> [What the task asks] Output only the lines below from the one containing "保護者、地域の方々と共に、2年生が避難所運営を体験しています。" to the one containing "现在再也不用发愁了!来自国际", exactly as written, both ends kept.

> [Data]
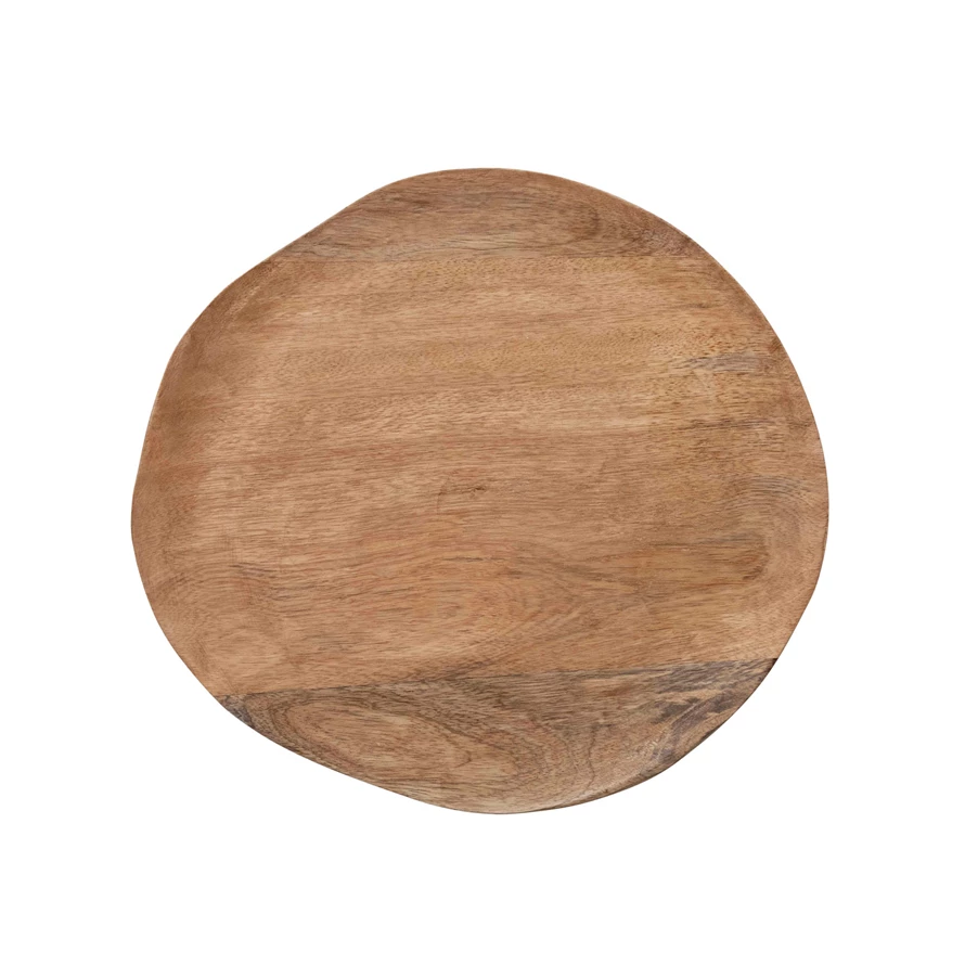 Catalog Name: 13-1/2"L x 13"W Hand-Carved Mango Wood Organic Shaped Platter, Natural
* * *
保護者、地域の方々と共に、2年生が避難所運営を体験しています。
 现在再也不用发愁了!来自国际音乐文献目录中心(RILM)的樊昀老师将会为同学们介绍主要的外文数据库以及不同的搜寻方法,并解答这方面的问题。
---
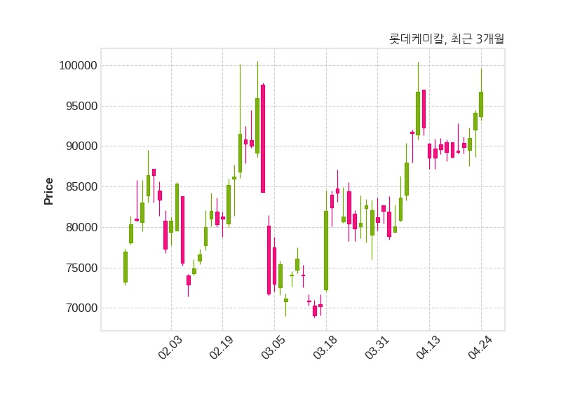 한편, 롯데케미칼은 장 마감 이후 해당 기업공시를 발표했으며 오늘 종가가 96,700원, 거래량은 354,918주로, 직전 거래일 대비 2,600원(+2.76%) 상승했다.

> [Response box]
保護者、地域の方々と共に、2年生が避難所運営を体験しています。
 现在再也不用发愁了!来自国际音乐文献目录中心(RILM)的樊昀老师将会为同学们介绍主要的外文数据库以及不同的搜寻方法,并解答这方面的问题。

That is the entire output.